Start of SOURCE INFORMATION

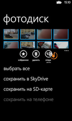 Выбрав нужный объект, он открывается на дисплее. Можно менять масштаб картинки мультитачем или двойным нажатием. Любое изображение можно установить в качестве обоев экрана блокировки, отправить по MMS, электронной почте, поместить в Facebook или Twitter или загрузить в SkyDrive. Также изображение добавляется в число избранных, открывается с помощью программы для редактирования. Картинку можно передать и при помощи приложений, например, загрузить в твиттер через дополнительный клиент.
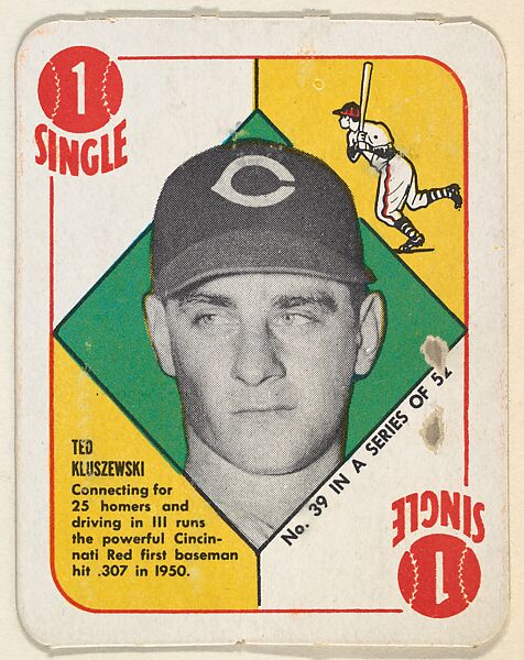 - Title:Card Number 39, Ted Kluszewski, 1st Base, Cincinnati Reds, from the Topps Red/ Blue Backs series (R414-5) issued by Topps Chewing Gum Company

End of SOURCE INFORMATION
Start of SOURCE INFORMATION

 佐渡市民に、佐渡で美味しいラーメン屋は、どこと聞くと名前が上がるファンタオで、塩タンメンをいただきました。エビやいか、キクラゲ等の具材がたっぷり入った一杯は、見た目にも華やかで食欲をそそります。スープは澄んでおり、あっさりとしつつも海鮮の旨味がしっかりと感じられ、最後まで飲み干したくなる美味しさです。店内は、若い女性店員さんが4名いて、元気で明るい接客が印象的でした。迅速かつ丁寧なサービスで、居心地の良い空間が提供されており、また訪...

End of SOURCE INFORMATION
Start of SOURCE INFORMATION

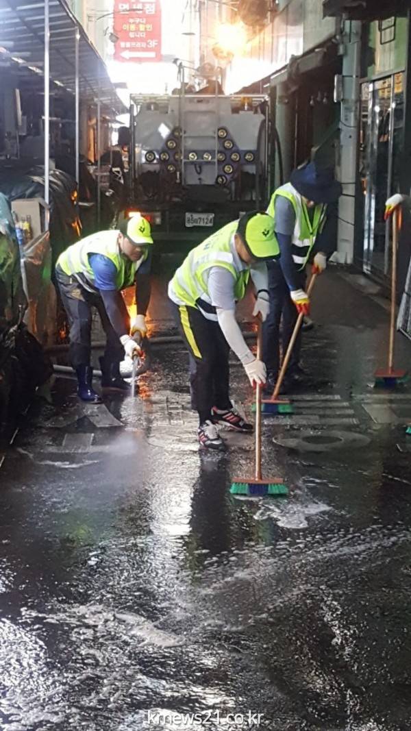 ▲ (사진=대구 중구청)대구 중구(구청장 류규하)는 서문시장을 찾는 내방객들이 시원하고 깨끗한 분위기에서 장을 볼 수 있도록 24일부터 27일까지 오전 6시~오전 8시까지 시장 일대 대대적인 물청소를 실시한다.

End of SOURCE INFORMATION

• AIM OF THE EXERCISE: Beginning with the line that contains "Выбрав нужный объект, он" and ending with the line that contains "- Title:Card Number", reproduce the listing exactly, pictures excluded.

• ANSWER TO THE EXERCISE:
 Выбрав нужный объект, он открывается на дисплее. Можно менять масштаб картинки мультитачем или двойным нажатием. Любое изображение можно установить в качестве обоев экрана блокировки, отправить по MMS, электронной почте, поместить в Facebook или Twitter или загрузить в SkyDrive. Также изображение добавляется в число избранных, открывается с помощью программы для редактирования. Картинку можно передать и при помощи приложений, например, загрузить в твиттер через дополнительный клиент.
 - Title:Card Number 39, Ted Kluszewski, 1st Base, Cincinnati Reds, from the Topps Red/ Blue Backs series (R414-5) issued by Topps Chewing Gum Company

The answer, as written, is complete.